Answer on Question #61833-Physics – Mechanics | Relativity

i) Show that only odd harmonics can be generated in a closed-end organ pipe.

Solution

Consider a close pipe of length $L$ , which encloses certain specific amount of air called as air column. This air column is set into vibrations by holding a vibrating tuning fork near its mouth.
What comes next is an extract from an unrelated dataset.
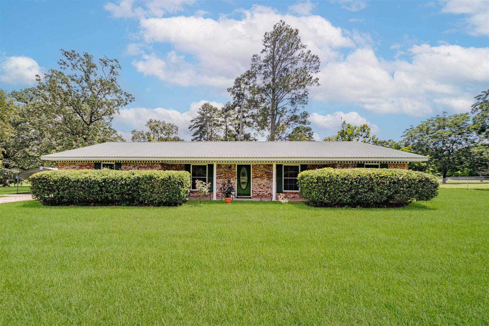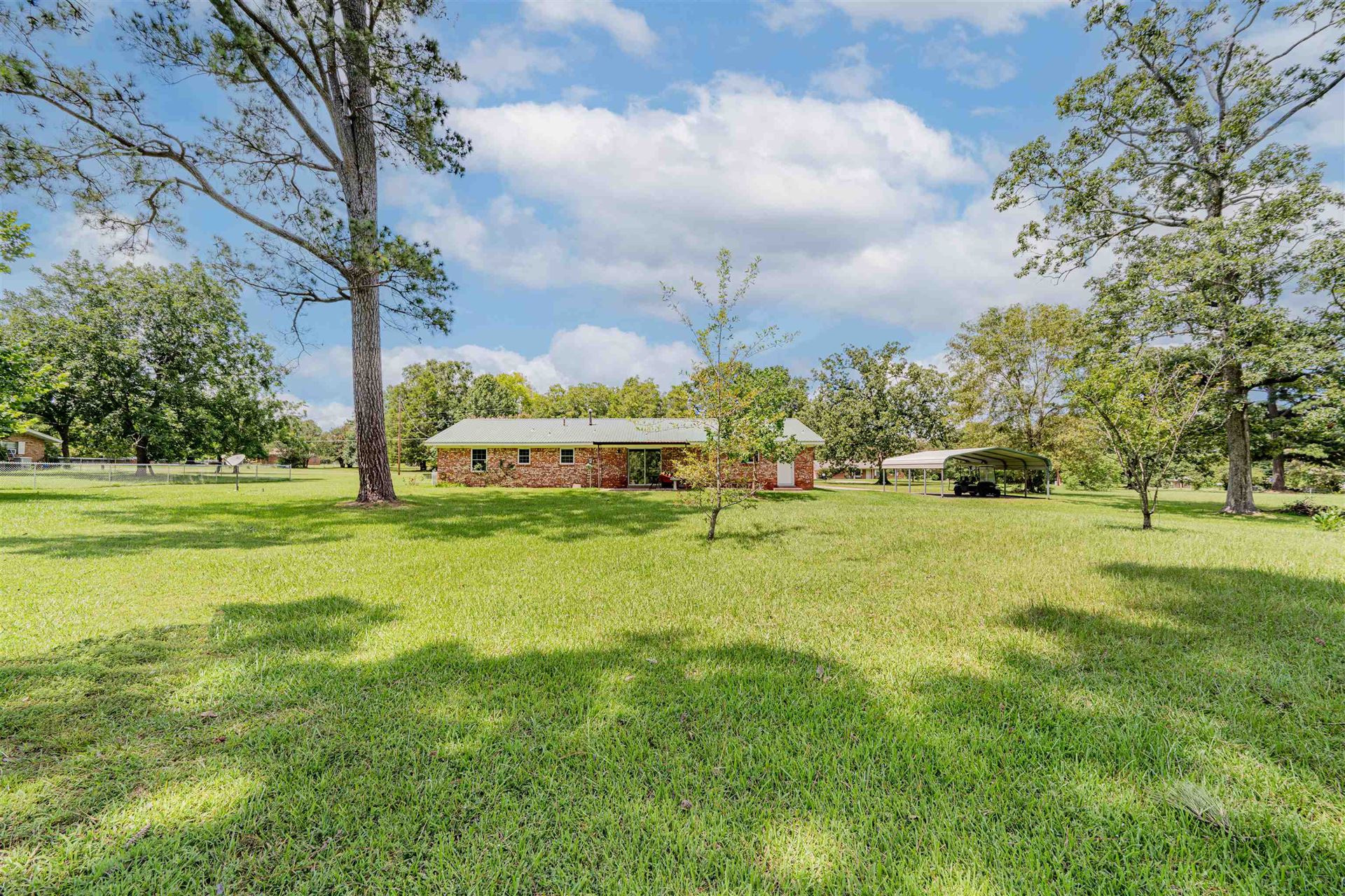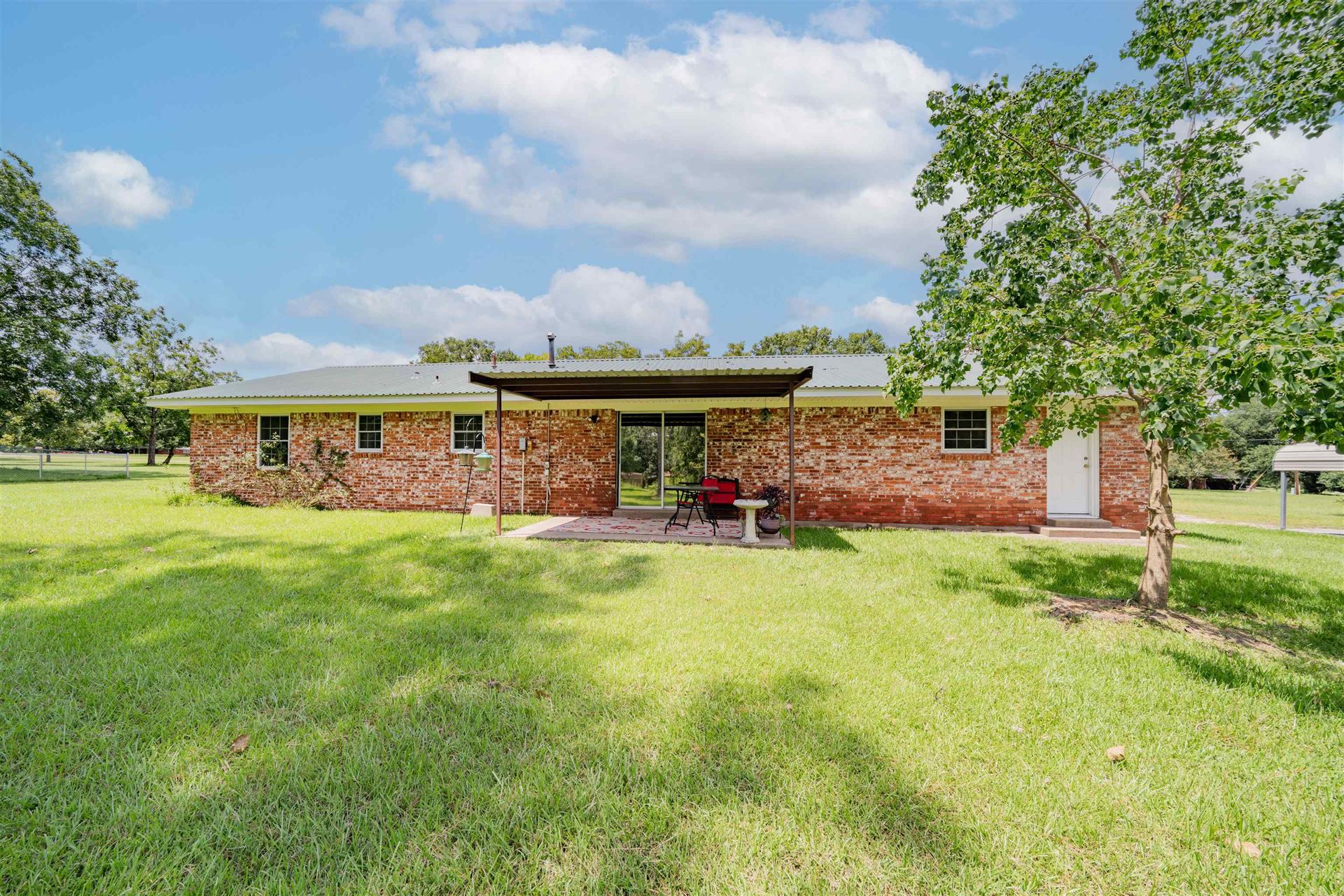 Nice 3 bedroom, 2 bath with formal living room (or dining, office, etc, not shown is photos. Open den and kitchen with granite counters. Utility is off kitchen. Spacious hall bathroom serves 2 guest bedrooms and primary has it's own walk-in closet and bathroom. Well maintained on 1 acre lot in quiet neighborhood. Award winning Hallsville ISD!

These longitudinal waves of frequency $u$ wavelength $\lambda$ travel with a velocity $v$ through the pipe and gets reflected at the other end, because the other end acts like a boundary and this reflected wave travelling in opposite direction superpose with incident wave forming a stationary wave such that a node is formed at closed end and antinodes at the open end, which is characterized by a set of natural frequencies called as normal modes of oscillation.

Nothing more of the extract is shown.